Echidna, or Tachyglossidae, is commonly known as the spiny anteater. It is a surviving monotreme along with the platypus. There are three genera and six species in this family, of which the giant echidna is extinct, and the other two genera live in Australia and New Guinea.
Echidna is a warm-blooded animal, with a body temperature that fluctuates by 6 to 8 degrees Celsius during the day. It is a wonderful combination of animals, and its appearance is very deceptive. It not only has the spines of a hedgehog, but also has a long nose like an anteater and a kangaroo-like pouch.
It is one of the most primitive mammals. There are 2 genera and 4 species. The back and sides of the body are covered with hard spines, and there are hairs under the spines; the ventral side is free of spines and covered with hairs, with a less hairy area in the center, where the female's pouch is formed; there is a single cloaca opening near the base of the tail. The digestive tract, excretory tract, and reproductive tract all open into the cloaca at the back of the body, so it is also a primitive, low-level, and strange mammal.

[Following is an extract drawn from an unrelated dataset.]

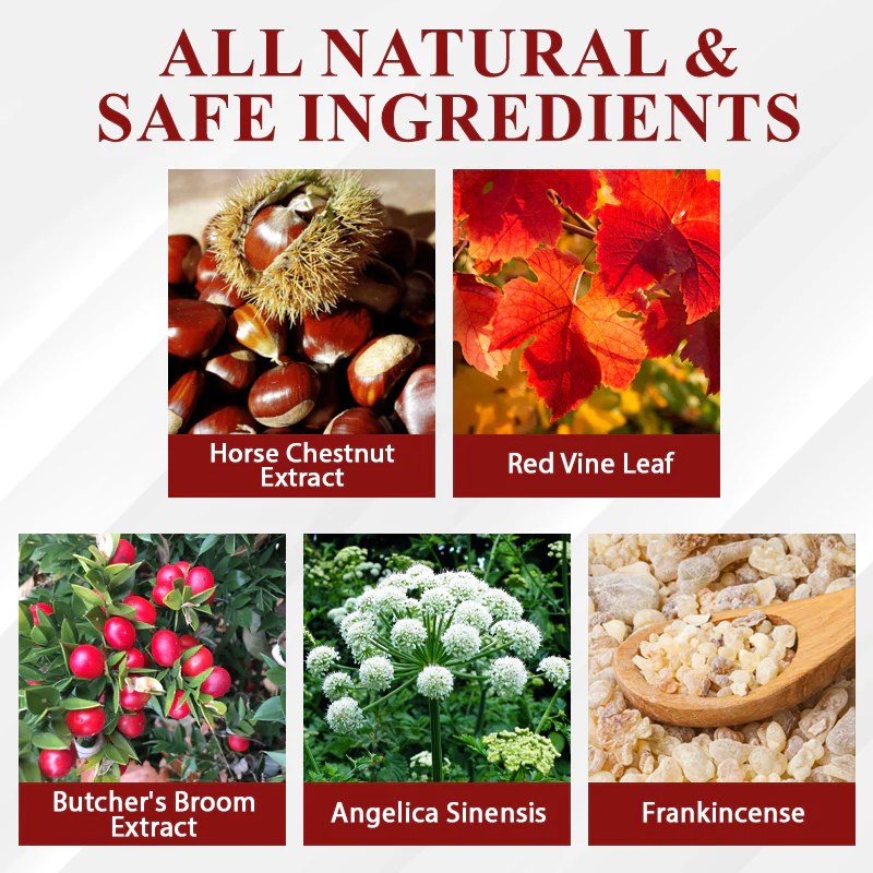 1. Horse Chestnut Extract - Helps strengthen vein walls and reduce fluid leakage, easing leg heaviness and swelling.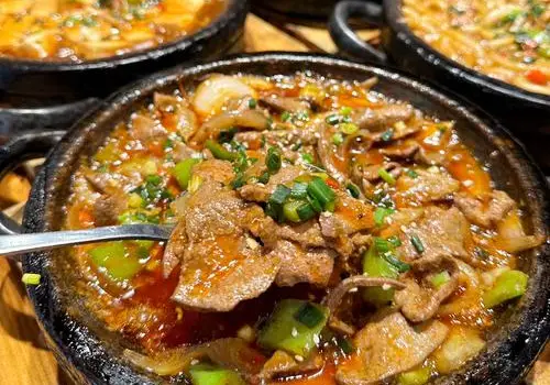 就讲下最常有的石锅豆腐哈:把嫩豆腐切成小块儿,拿肉末以及豆瓣酱去炒出汤汁来,接着倒入热石锅之中,豆腐将汤汁全部吸满,咬上一口软嫩且多汁,烫嘴但却舍不得停下;还有那石锅鱼,用的是来自洞庭湖的草鱼哩,鱼肉被煮得很嫩,汤汁十分鲜,石锅的热度使得鱼始终保持滚烫状态,吃到最后一口依旧是热乎的,冬天吃着格外暖身 。

Morphological characteristics
The echidna has a grayish-white head with a hard, hairless, tubular long beak in the front. There are no teeth in the mouth, just a small hole that bends downward; the nostrils and mouth are located at the front of the beak; the tongue is long and has mucus, which is used to feed termites and ants; the limbs are hard, and each toe has a powerful hook claw, which is long and sharp and can be used to dig soil and ant nests. The back of the body is covered with hollow and hard thorns of varying lengths, and it looks like a hedgehog. The body surface is also covered with brown or black hair, and the hair on the ventral side is short, soft, and lighter in color. The eyes and ears are very small, but have well-developed external ear shells. There is no tail. The claws are hard and sharp.
The male has a spur on the inner side of the hind foot. But in fact, echidnas and hedgehogs are very different animals, and they are very far apart in terms of kinship. Hedgehogs are insectivorous mammals, but echidnas are close relatives of platypuses. They belong to the same monotremes among mammals. The digestive tract, excretory tract and reproductive tract all open in the cloaca at the back of the body, so they are also a primitive, low-level and strange mammal.

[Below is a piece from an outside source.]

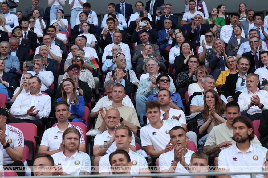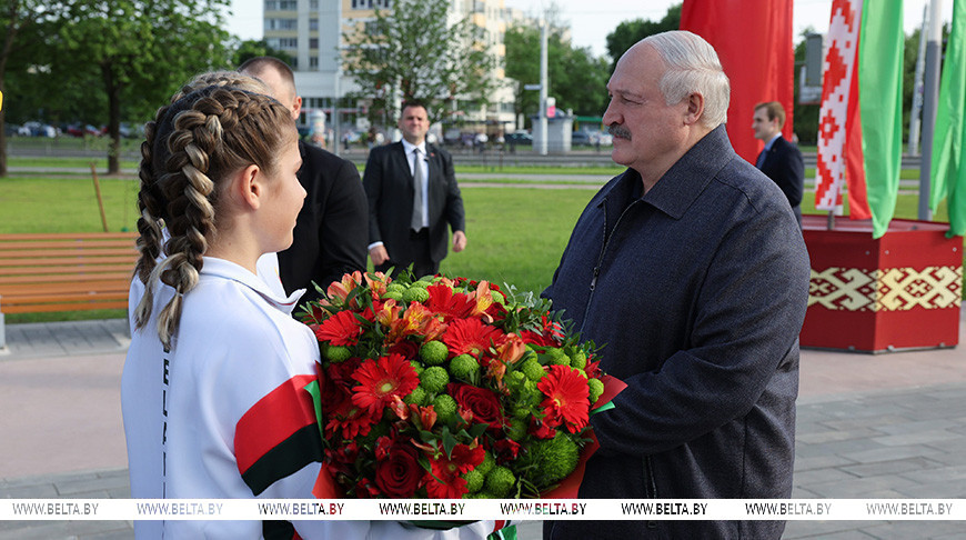 Главу государства у входа на стадион встречали ответственные должностные лица и девушки-спортсменки, которые по сложившейся традиции передали Президенту букет цветов. Первый вопрос, который Александр Лукашенко адресовал присутствующим: "Будем побеждать? Когда?"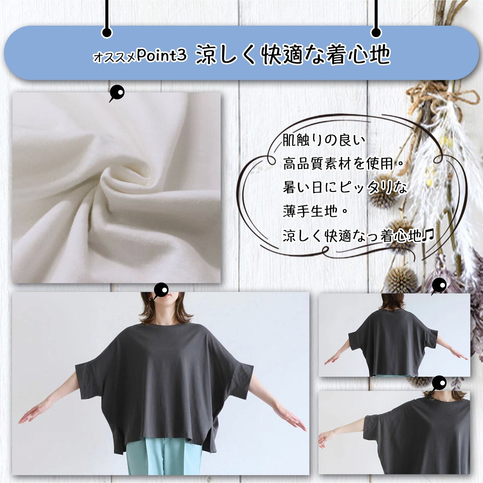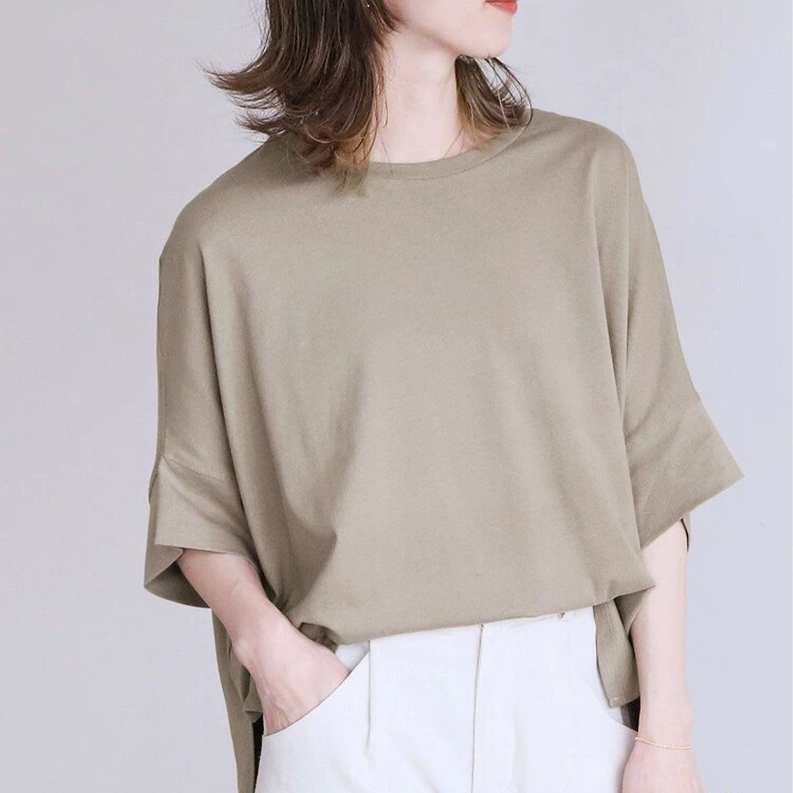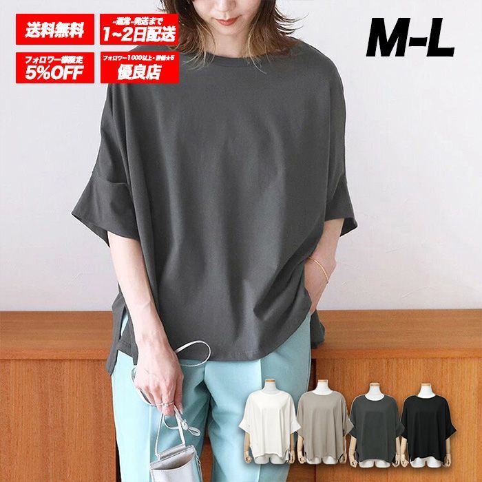 💛フォローで5%OFFキャンペーン実施中 🚚全国送料無料🎁在庫わずか📦追跡番号で安心⏰迅速発送✨新品アイテム ●サイズ: M: 着丈/55前cm、着丈/後60cm、袖丈(襟-袖)44cm L: 着丈/前57cm、着丈/後62cm、袖丈(襟-袖)46cm ●カラー: ベージュ/ブラック/ダークグレー/ホワイト ☆dark grey☆ ※こちらに無いカラーは別ページにて展開致しておりますので、そちらもご覧ください。 裏地: なし 透け感: 淡い色若干 伸縮性: あり 生地の厚さ: 普通 ●備考: ※入荷時期により若干のデザインが変わる可能性がございます。       ※輸入品の為、輸送時に生じるキズ・汚れ・箱潰れがある場合がございます。 ※生地の特性上、やや匂いが強く感じられるものもございます。    数日のご使用や陰干しなどで気になる匂いはほとんど感じられなくなります。 ※製品によっては、生地の特性上、縮む場合がございますので洗濯時はご注意下さいませ。 ※生地によっては摩擦(特に湿った状態)や、汗や雨などで濡れたときは他の衣類や下着に移染する場合がございます。  また淡色物に色移りする場合がございますので、お洗濯後はすみやかに(脱水、乾燥等)するようにお願いいたします。 ※お客様が使用するパソコンのモニター設定や部屋の照明により多少、画像と実際の商品に若干の違いが生じる場合がございます。 ※機械による生産の為、生地の継ぎ目の若干のズレやほつれなど、形やサイズに多少の誤差が生じる場合がございます。  また、混紡繊維によって生地の織りに他繊維が混紡している場合もございますが品質上の問題はございません。       ※生地の取り位置によりどうしても絵柄の出方・ニュアンスなど多少の個体差が生じ、  画像と表情が異なることがございます。また柄が縫い合わせ部分で必ずしも合っていないことがございます。 ※サイズ詳細等の測り方はスタッフ間で統一、徹底はしておりますが、実寸は商品によって若干の誤差(1cm〜3cm )がある場合がございますので、予めご了承ください。 ※同じ商品でも“生産時期”や“カラー“により形やサイズに多少の“誤差“が生じる場合もございます。 詳しくは商品画像や実寸サイズにてご確認くださいませ。 ※プリント生地の商品については、生地の裁断・縫製方法により写真と同様の柄が出ない場合がございます。 ※実際の色に近づけるため、タグのカラー名称と異なる場合がございます。 その他気になる点が御座いましたらお気軽にお問い合わせくださいませ。 #Tシャツ #レディース #tシャツ #トップス #カットソー #5分袖 #半袖 #ドルマン #スリット #無地 #ベーシック #お洒落 #綺麗め #可愛い #ゆったり #春 #夏 #秋 #送料無料 #数量限定 #安心安全 #追跡可能配送 #sun #sunshop #メルカリshops

The short and sharp spines on the echidna are its amulets, but these spines are not firmly attached to the body. When encountering enemies, echidnas will curl up into a ball or burrow into loose soil and disappear quickly. Echidnas can dig holes in the soil at an amazing speed and bury themselves in the soil. The spines on the hedgehog are bone spines, which are cone-shaped and firmly attached to the body. They have no barbs and cannot fly away from the body into the body of the enemy. Pliers are needed to pull them out after death. The echidna's fur is black and soft.

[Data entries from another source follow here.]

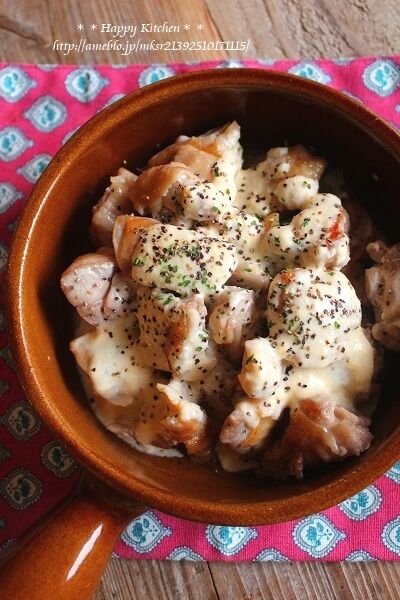 ②鶏肉を取り出して器に盛り、空いたフライパンを軽く拭き取って牛乳と粉チーズを入れて火にかけ、混ぜながら粉チーズが溶けたら火を止める。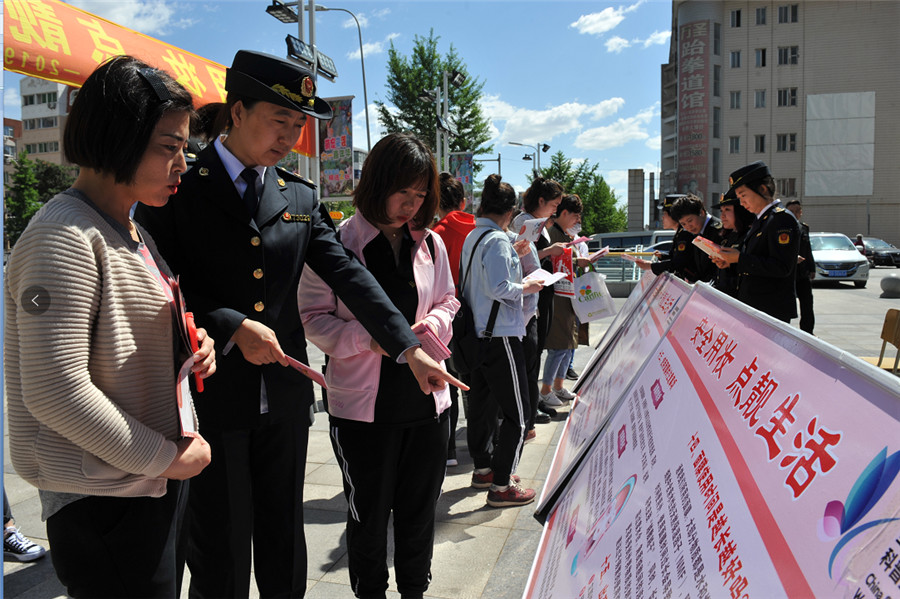 圖為該局工作人員在發(fā)放宣傳資料。吳進(jìn)斌 孫淵 攝影報(bào)道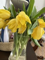 Тюльпаны свежие, но кривые. По букетам разделить не получилось, пришлось оставить себе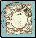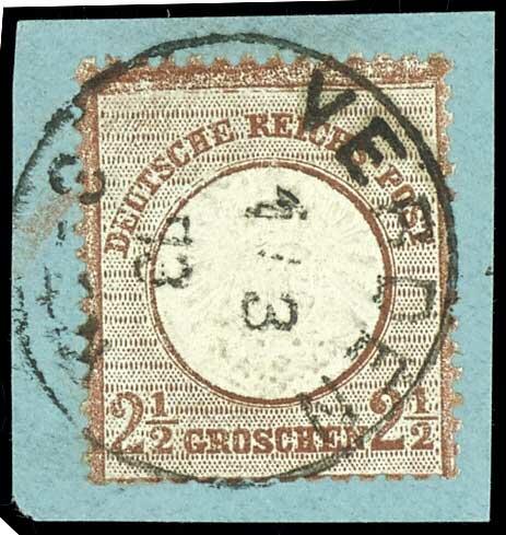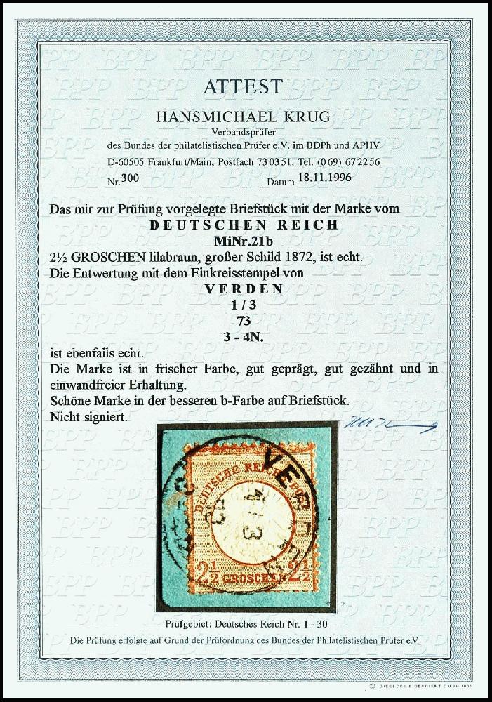 | Zusatzinformationen und Suchstichworte: | Dr. Reinhard Fischer 193. Auktion 21. - 22. Juli 2023 Los 1470 Deutsches Reich, 1872 Grosser Brustschild 2 1/2 Gr. lilabraun mit Ekr. "VERDEN 1/3 73" auf Briefstück, tadellos, Fotoattest Krug BPP, Mi. 700.- Ausruf 200,00 EUR |

The reproductive organs are very unique. Their penis is usually hidden in the body, and there are no testicles that descend into the scrotum, and there is no scrotum at all. This design makes echidnas very different from other mammals. Their main food is termites and ants, and sometimes they dig insect eggs and pupae to eat. The structure of the reproductive organs of echidnas, coupled with the cream-colored 5-centimeter-long spines covering their bodies, allows them to reproduce effectively while protecting themselves. This feature of the reproductive organs of echidnas, as well as their living habits, are the result of adapting to their living environment.
Habitat
Echidnas live in the ancient ecological environment of Australia with an ancient lifestyle. They live in areas such as shrubs, grasslands, sparse forests and rocky semi-deserts in inland desert areas, hiding in caves during the day.
Living habits
Behavior
Echidnas do not climb trees, but they are extremely good "engineers". They can dig the soil quickly, and they don't care even if the soil is hard. In less than ten minutes, echidnas will burrow into the soil and hide. However, under natural conditions, echidnas do not build their own nests, but use the dwellings of other animals. Even when echidnas want to dig in the soil, they only hide the lower part of their body, leaving the upper part exposed, because they always rely on the thorns to protect.
themselves. In addition, echidnas will curl up into a ball, like a hedgehog. It is difficult for echidnas to keep the hair between the thorns clean, which is also the same as hedgehogs. There are usually parasites in the hair, so they are always scratching. Nature has equipped the second toe of the echidna's hind foot with a long curved claw, which is used to comb the hair and scratch it.
Echidnas have poor eyesight, but they can keenly detect slight vibrations in the soil. They mainly eat ants and insects. Their mouths are long and tubular, without teeth, and their tongues are long and flexible. However, if they have the opportunity, they will not object to changing their diet, but they can only eat food that can pass through the small holes in their "elephant trunk"-like mouths. Unlike their close relative, the platypus, echidnas can go for long periods of time without food or water, sometimes even up to a month. It seems that they are in a state similar to hibernation from time to time. This is probably an adaptation to the environment. They live in Victoria and Tasmania, where the winter temperature is relatively cold.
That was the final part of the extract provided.